Prompt
The output is the lines below from the one with "2024秋上册六年级英语冀教版 Unit 3—Lesson 18 The Snowman" through the one with "ヘリンボーンと言われる独特の", both included, printed exactly and with no other line.

Dataset content
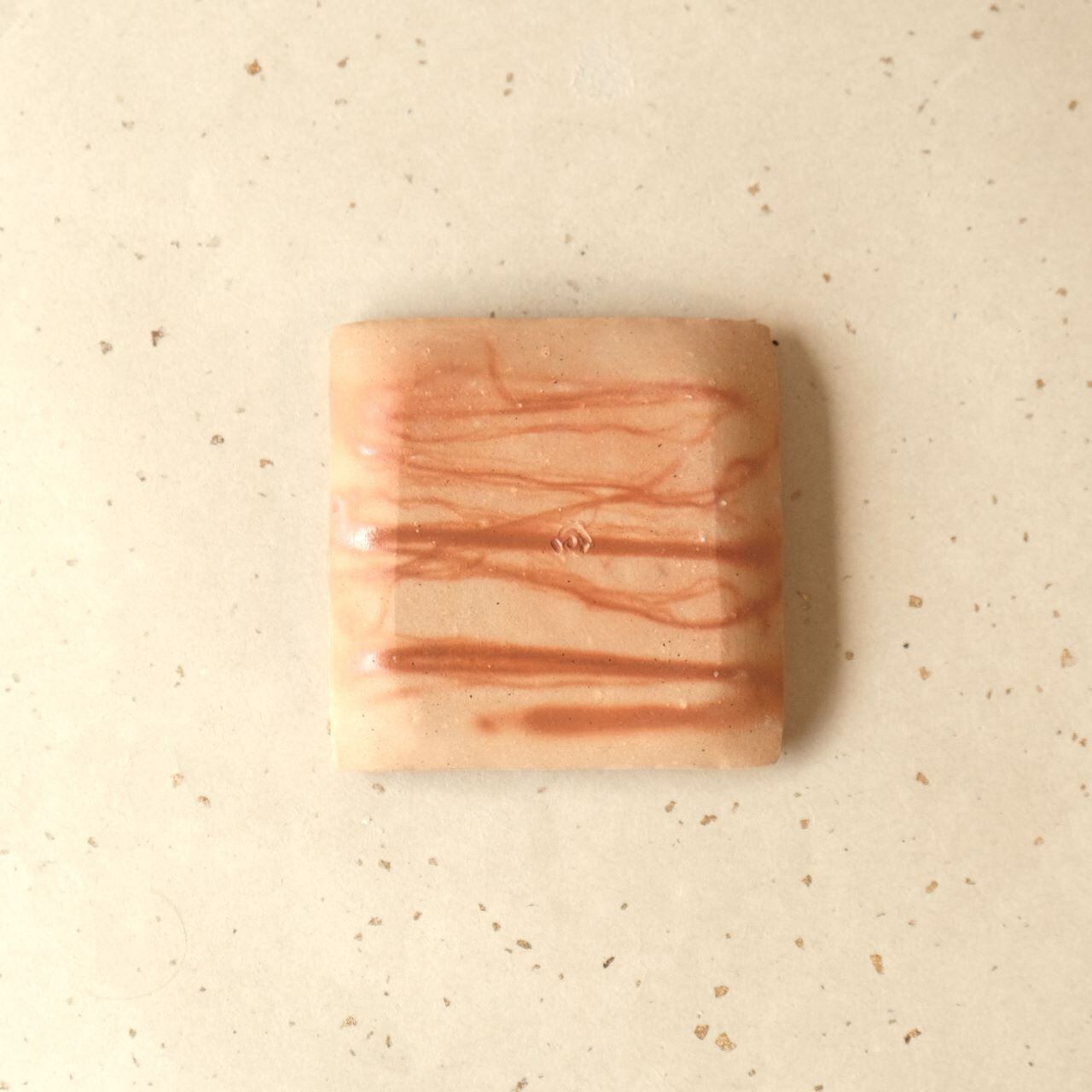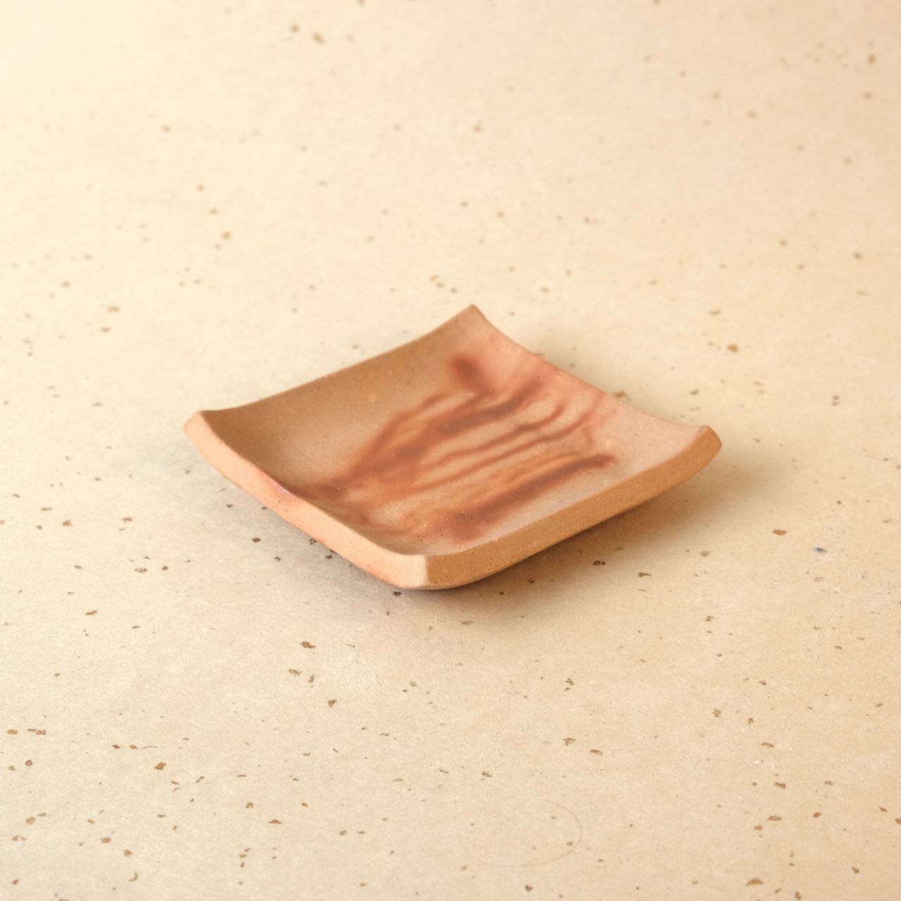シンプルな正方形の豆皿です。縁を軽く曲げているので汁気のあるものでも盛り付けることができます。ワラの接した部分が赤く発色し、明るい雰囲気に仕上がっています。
...
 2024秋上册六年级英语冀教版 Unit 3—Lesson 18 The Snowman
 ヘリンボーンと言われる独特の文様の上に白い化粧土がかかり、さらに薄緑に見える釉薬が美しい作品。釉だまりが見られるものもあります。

Result of the task
 2024秋上册六年级英语冀教版 Unit 3—Lesson 18 The Snowman
 ヘリンボーンと言われる独特の文様の上に白い化粧土がかかり、さらに薄緑に見える釉薬が美しい作品。釉だまりが見られるものもあります。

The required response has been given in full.